E quindi si sente “vincitore e onnipotente” rispetto a colei che offre i suoi servizi a pagamento ed è costretta a farlo nella “clandestinità” per non subìre il pubblico ludibrio e la condanna perenne.
Sono tutte fantasie tue.
Io ricordo il caso , anni fa, di quel povero ragazzo che era stato multato perché beccato con una stradale e ,tornato a casa, per la vergogna di farlo sapere ai suoi, si era suicidato
Quel ragazzo suicidatosi è un caso estremo. La maggior parte degli uomini ammette pubblicamente e con disinvoltura di andare a prostitute. Il Silvio dopo i fatti di Arcore è diventato un eroe nazionale. Le sue ex ancelle invece, tra cui Patrizia Daddario, agli occhi dell’ opinione pubblica sono marchiate per sempre. Situazione perfettamente in linea con quello che è l’ andazzo generale in questi frangenti. La realtà è che le persone ( compresi i clienti ) provano un odio atavico, viscerale verso le prostitute. In cuor loro vorrebbero che queste morissero di stenti. La prostituta incarna “l’ agnello sacrificale” atta ad espiare tutti i mali del mondo. Idem la pornoattrice, figura assimilabile.
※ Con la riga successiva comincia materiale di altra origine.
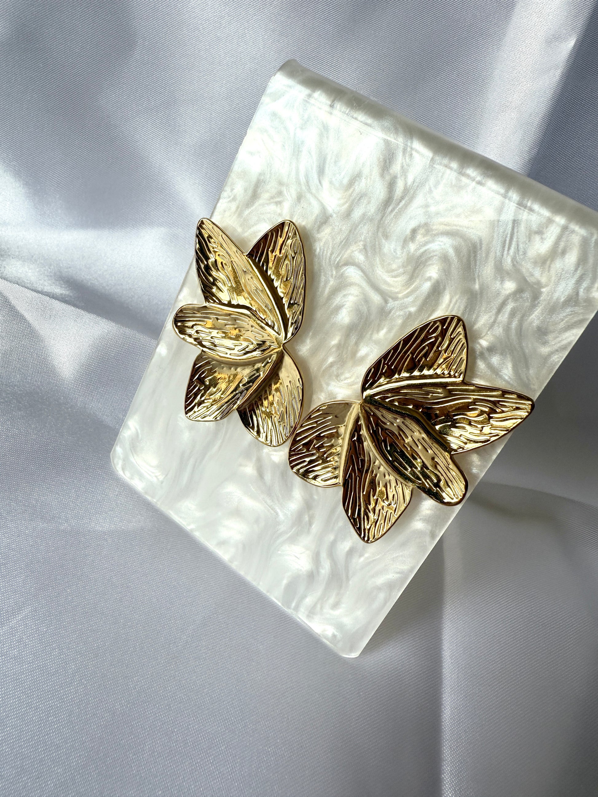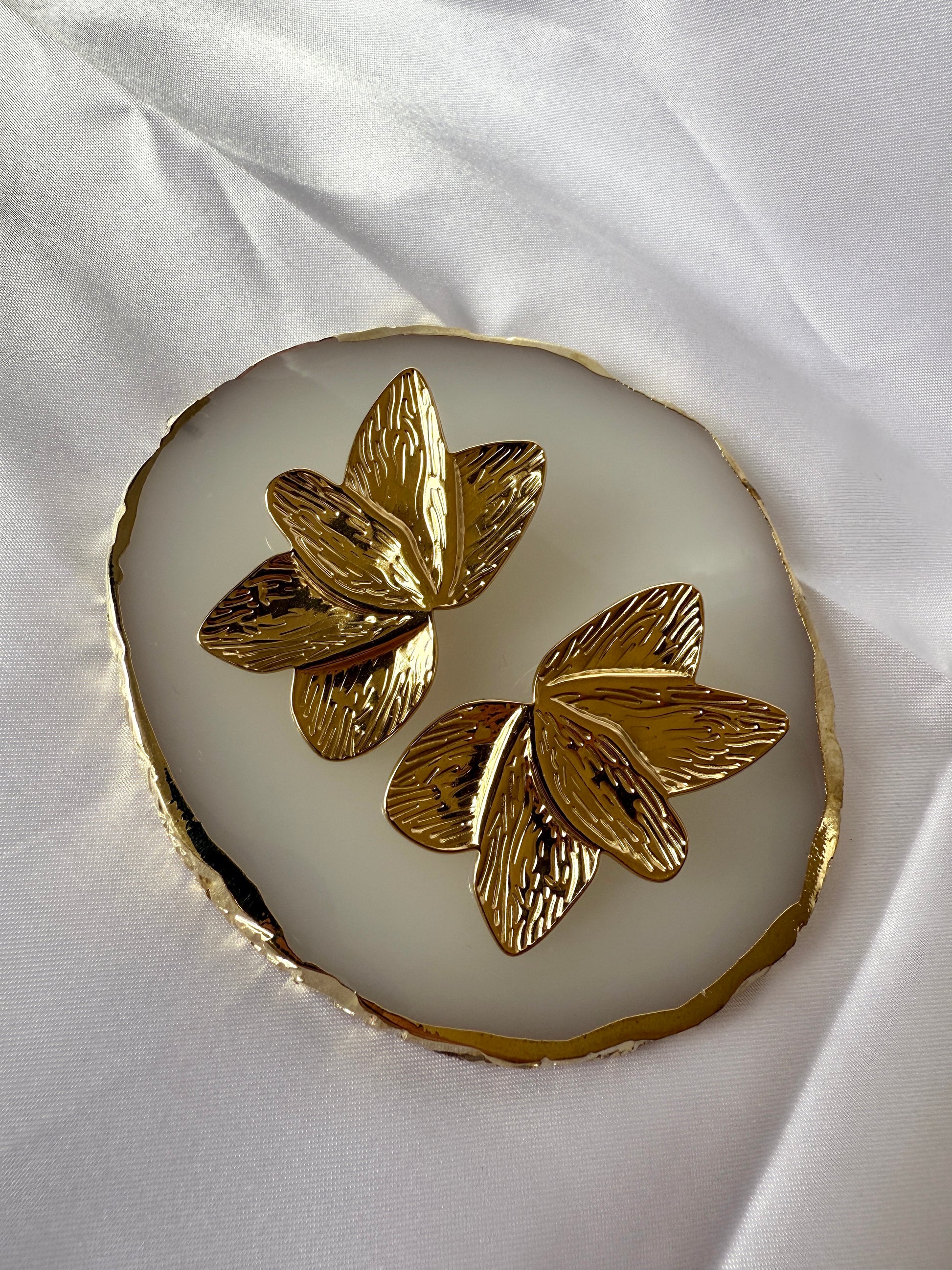 Boucles d’oreilles en acier inoxydable de couleur doré, en forme de demi feuilles délicates, rehaussées de petits traits évoquant la finesse des nervures des feuilles.
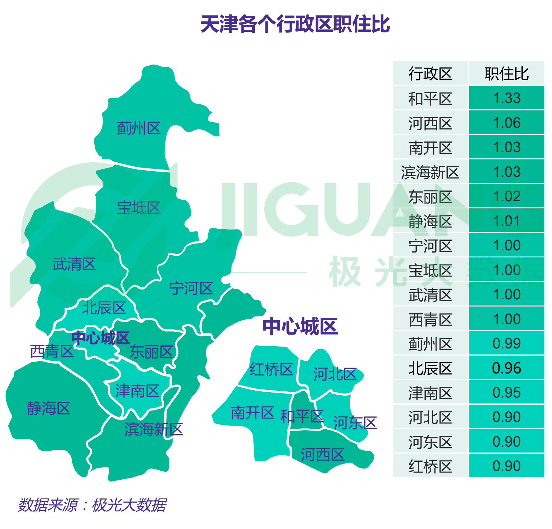 位于天津市中心的和平区职住比达1.33,同属中小城区的河北区、河东区和红桥区均为0.9。

Molte lavoratrici sessuali, per il dispiacere di vedersi completamente escluse dalla vita sociale anche dopo aver completamente smesso con l’ attività, si suicidano o sviluppano patologie come il cancro.
Diverso è il discorso per i loro colleghi uomini, che invece ricevono elogi e apprezzamenti unanimi e agli occhi del pubblico sono una sorta di “ simpatici bontemponi”.
Boxeur2003 sono d’accordo con te. Credo che ognuno debba trovare da solo quello che va bene per se stesso, in linea con il suo essere, le sue esigenze e le sue inclinazioni. E non debbano stabilire gli altri cosa sia meglio per noi.
@Guerrierasofia
Non darti pensiero, sono un ragazzo anche fin troppo sveglio e continuo a chiamare e considerare la Boxe, SPORT. Il migliore che esista, e mi sento un privilegiato a poterlo praticare. Perché non è per tutti. Servono le palle, quelle vere, per salire sul ring e battersi con lealtà con un avversario di pari passione e preparazione.